• What you are asked to do: Using the data below, reproduce exactly the lines from the line with "Dans l’attente de" to the line with "EVSE тестер Type", both included; pictures must be dropped.

• Task input:
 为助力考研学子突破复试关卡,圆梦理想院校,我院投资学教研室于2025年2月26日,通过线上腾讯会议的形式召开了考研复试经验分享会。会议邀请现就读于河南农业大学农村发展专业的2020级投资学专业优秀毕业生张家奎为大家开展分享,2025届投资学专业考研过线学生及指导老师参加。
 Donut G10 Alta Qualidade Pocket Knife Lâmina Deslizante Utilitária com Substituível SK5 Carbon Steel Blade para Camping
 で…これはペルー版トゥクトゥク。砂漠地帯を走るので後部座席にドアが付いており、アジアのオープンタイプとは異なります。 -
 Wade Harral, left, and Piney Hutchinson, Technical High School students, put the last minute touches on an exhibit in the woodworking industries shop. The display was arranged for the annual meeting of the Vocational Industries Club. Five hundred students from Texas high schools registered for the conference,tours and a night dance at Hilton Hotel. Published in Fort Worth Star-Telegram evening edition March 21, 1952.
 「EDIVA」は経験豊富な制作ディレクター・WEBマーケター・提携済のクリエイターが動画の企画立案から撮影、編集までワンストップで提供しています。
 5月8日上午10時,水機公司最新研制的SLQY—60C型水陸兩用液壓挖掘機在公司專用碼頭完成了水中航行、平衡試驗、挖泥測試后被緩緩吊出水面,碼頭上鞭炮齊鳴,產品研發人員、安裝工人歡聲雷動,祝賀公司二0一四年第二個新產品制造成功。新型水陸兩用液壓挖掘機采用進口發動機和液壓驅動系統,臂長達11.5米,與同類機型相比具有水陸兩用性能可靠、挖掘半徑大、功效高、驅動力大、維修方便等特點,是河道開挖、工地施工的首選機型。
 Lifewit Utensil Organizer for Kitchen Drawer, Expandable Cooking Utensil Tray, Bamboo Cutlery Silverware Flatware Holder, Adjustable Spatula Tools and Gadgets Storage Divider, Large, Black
...
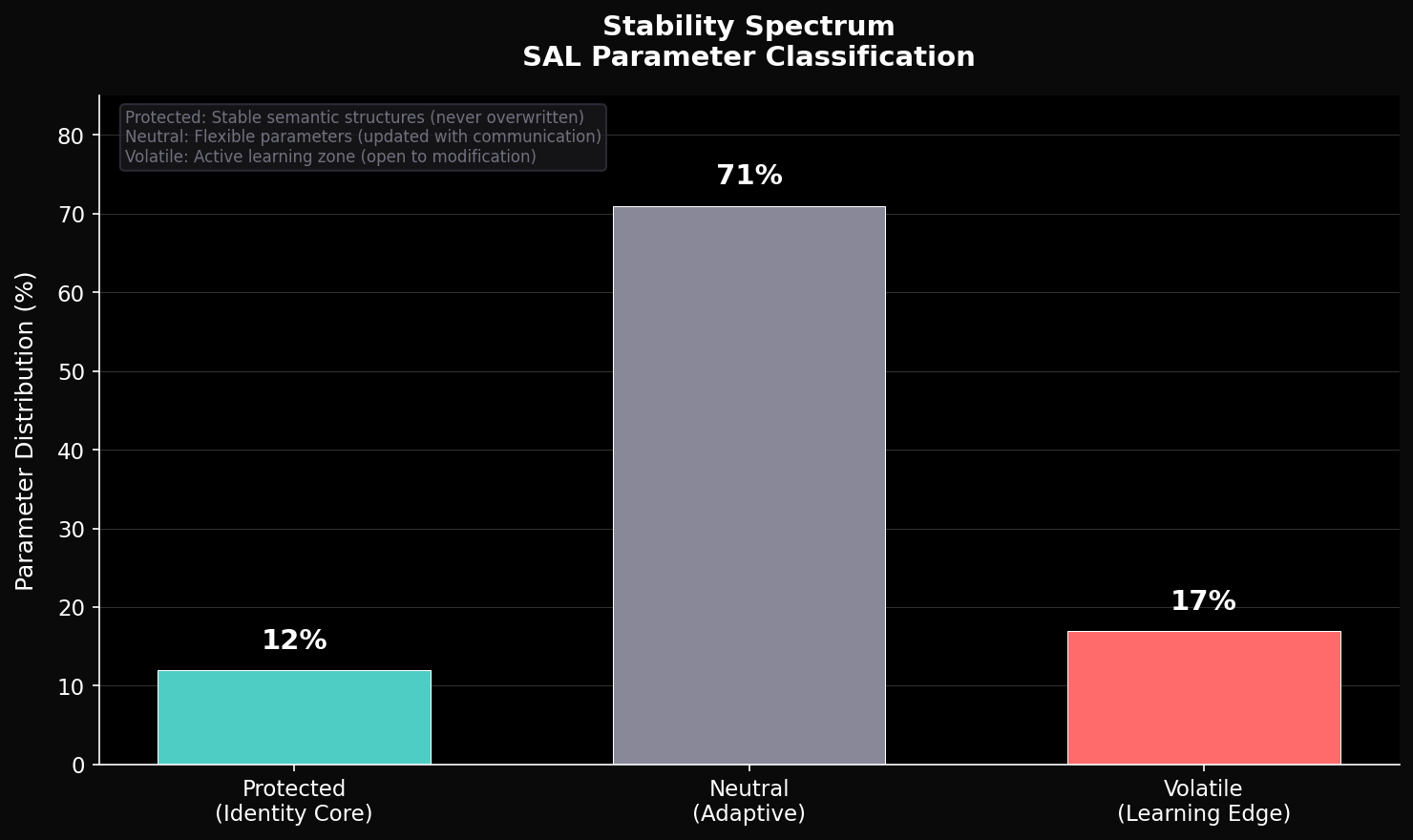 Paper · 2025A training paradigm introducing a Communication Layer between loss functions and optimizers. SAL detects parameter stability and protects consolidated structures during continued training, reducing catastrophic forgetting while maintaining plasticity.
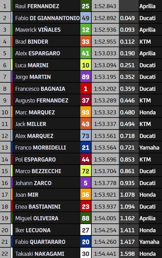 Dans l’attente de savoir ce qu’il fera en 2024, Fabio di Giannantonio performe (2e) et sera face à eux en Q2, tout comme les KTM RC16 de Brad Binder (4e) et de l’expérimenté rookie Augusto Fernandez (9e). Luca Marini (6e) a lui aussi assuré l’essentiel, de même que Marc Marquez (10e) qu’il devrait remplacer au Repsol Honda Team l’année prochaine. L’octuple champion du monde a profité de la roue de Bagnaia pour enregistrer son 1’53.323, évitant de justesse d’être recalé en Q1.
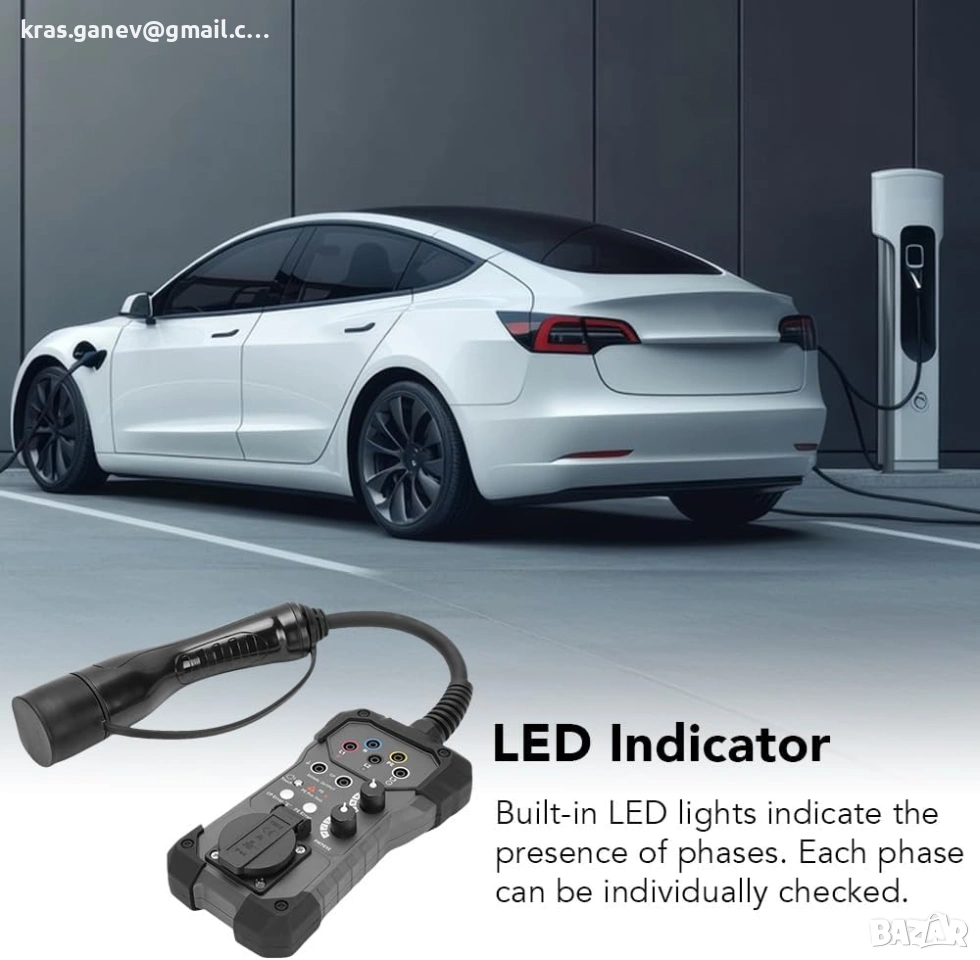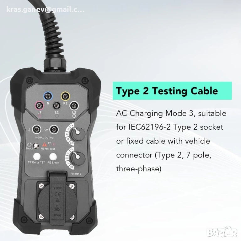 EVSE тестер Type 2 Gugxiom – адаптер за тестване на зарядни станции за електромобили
==
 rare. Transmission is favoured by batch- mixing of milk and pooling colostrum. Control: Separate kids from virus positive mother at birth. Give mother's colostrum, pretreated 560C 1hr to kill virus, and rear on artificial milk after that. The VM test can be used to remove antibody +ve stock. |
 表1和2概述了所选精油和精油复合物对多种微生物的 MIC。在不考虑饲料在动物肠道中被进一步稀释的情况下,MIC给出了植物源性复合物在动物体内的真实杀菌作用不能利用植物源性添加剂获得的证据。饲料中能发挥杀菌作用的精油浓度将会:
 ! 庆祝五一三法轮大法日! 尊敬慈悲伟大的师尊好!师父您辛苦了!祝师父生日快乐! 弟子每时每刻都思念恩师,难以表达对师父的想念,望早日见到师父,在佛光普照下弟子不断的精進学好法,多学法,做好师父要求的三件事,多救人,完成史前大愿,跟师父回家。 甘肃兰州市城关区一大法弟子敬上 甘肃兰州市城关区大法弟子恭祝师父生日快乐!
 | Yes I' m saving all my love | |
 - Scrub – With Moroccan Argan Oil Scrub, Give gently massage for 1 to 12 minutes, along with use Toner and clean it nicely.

• Answer for this exercise:
 Dans l’attente de savoir ce qu’il fera en 2024, Fabio di Giannantonio performe (2e) et sera face à eux en Q2, tout comme les KTM RC16 de Brad Binder (4e) et de l’expérimenté rookie Augusto Fernandez (9e). Luca Marini (6e) a lui aussi assuré l’essentiel, de même que Marc Marquez (10e) qu’il devrait remplacer au Repsol Honda Team l’année prochaine. L’octuple champion du monde a profité de la roue de Bagnaia pour enregistrer son 1’53.323, évitant de justesse d’être recalé en Q1.
 EVSE тестер Type 2 Gugxiom – адаптер за тестване на зарядни станции за електромобили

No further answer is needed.